A full, word-for-word copy of the listing below is needed; leave the images out of it.

──────────

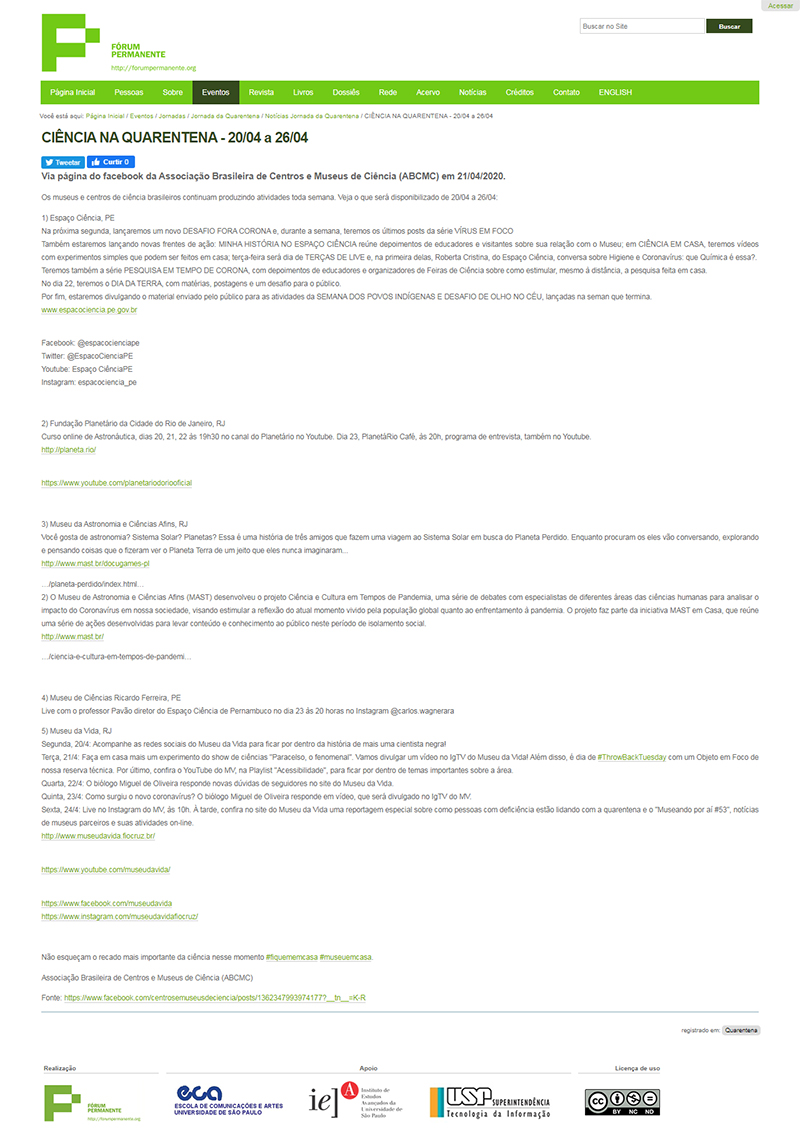 Fórum Permanente (site) | MAST lança série de vídeos Ciência e Cultura em Tempos de Pandemia
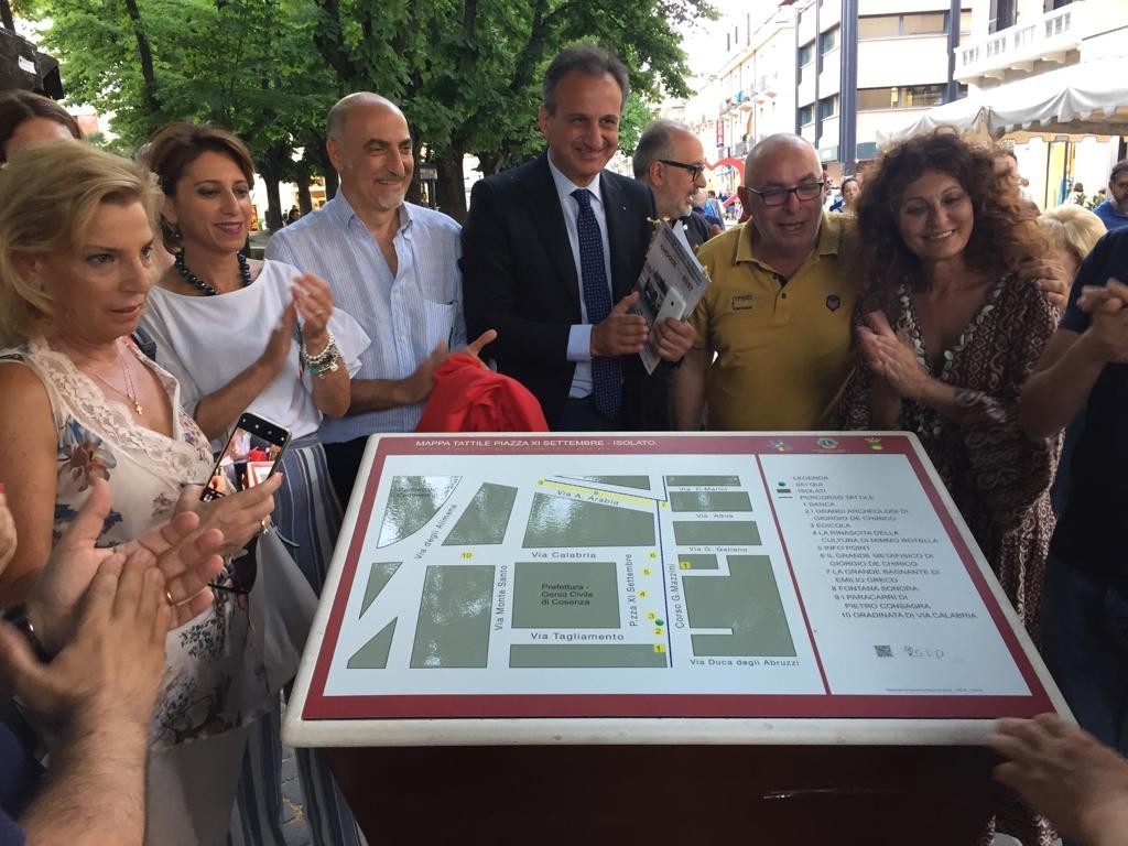 Alla presenza dei rappresentanti del Comune di Cosenza e dell’UICI (Unione Italiana Ciechi e Ipovedenti), mercoledì 26 giugno, alle ore 19:00, il presidente del Lions Club Cosenza Castello Svevo, Francesco Fragale, ha consegnato una mappa tattile, installata nella centralissima piazza XI Settembre, allo scopo di permettere ai non vedenti della nostra comunità di orientarsi in città.
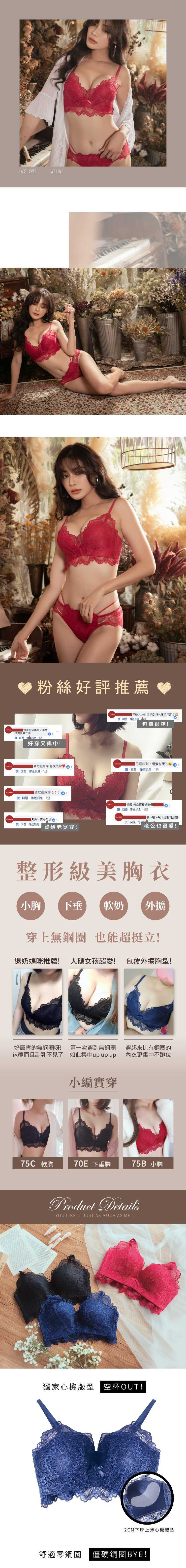無鋼圈【獨家】蕾絲蘿兒-Mini Queen舒壓包覆無鋼圈美型蕾絲成套內衣褲 (紅 65-90 A-H)
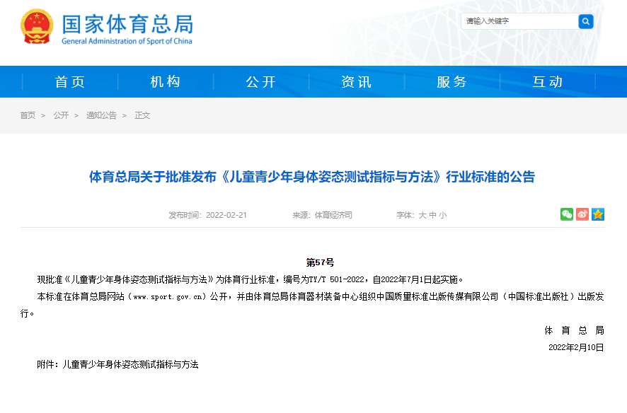 2022-03-112月21日,国家体育总局批准发布《儿童青少年身体姿态测试指标与方法》为体育行业标准,编号为TY/T 501-2022。
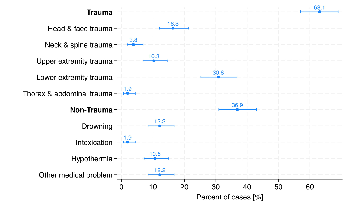 Among non-trauma diagnoses, intoxication was reported in 1.9% of cases, including behavioural disorders related to alcohol (3%) and multiple drug use (2.3%). “Other” medical problems accounted for 12.2% of cases, with cardiac arrest (4.9%) and otitis externa (3%) being the most common within this category.
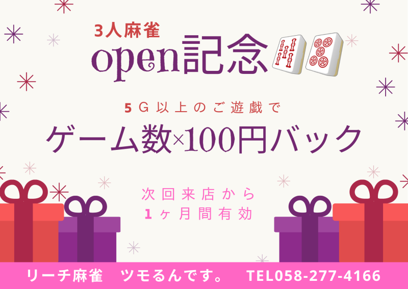 3人麻雀新規ご来店で1ヶ月間有効のチケットプレゼント!!
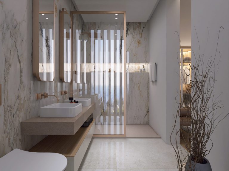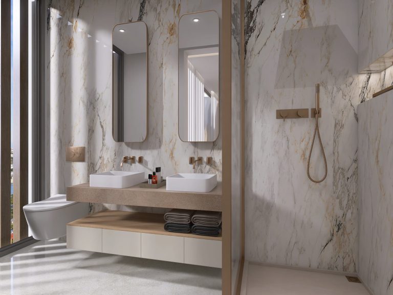 Bathrooms are outfitted with Geberit fixtures and sleek Tres taps, offering a spa-like experience.

──────────

- [Exercise response]
 Fórum Permanente (site) | MAST lança série de vídeos Ciência e Cultura em Tempos de Pandemia
 Alla presenza dei rappresentanti del Comune di Cosenza e dell’UICI (Unione Italiana Ciechi e Ipovedenti), mercoledì 26 giugno, alle ore 19:00, il presidente del Lions Club Cosenza Castello Svevo, Francesco Fragale, ha consegnato una mappa tattile, installata nella centralissima piazza XI Settembre, allo scopo di permettere ai non vedenti della nostra comunità di orientarsi in città.
無鋼圈【獨家】蕾絲蘿兒-Mini Queen舒壓包覆無鋼圈美型蕾絲成套內衣褲 (紅 65-90 A-H)
 2022-03-112月21日,国家体育总局批准发布《儿童青少年身体姿态测试指标与方法》为体育行业标准,编号为TY/T 501-2022。
 Among non-trauma diagnoses, intoxication was reported in 1.9% of cases, including behavioural disorders related to alcohol (3%) and multiple drug use (2.3%). “Other” medical problems accounted for 12.2% of cases, with cardiac arrest (4.9%) and otitis externa (3%) being the most common within this category.
 3人麻雀新規ご来店で1ヶ月間有効のチケットプレゼント!!
 Bathrooms are outfitted with Geberit fixtures and sleek Tres taps, offering a spa-like experience.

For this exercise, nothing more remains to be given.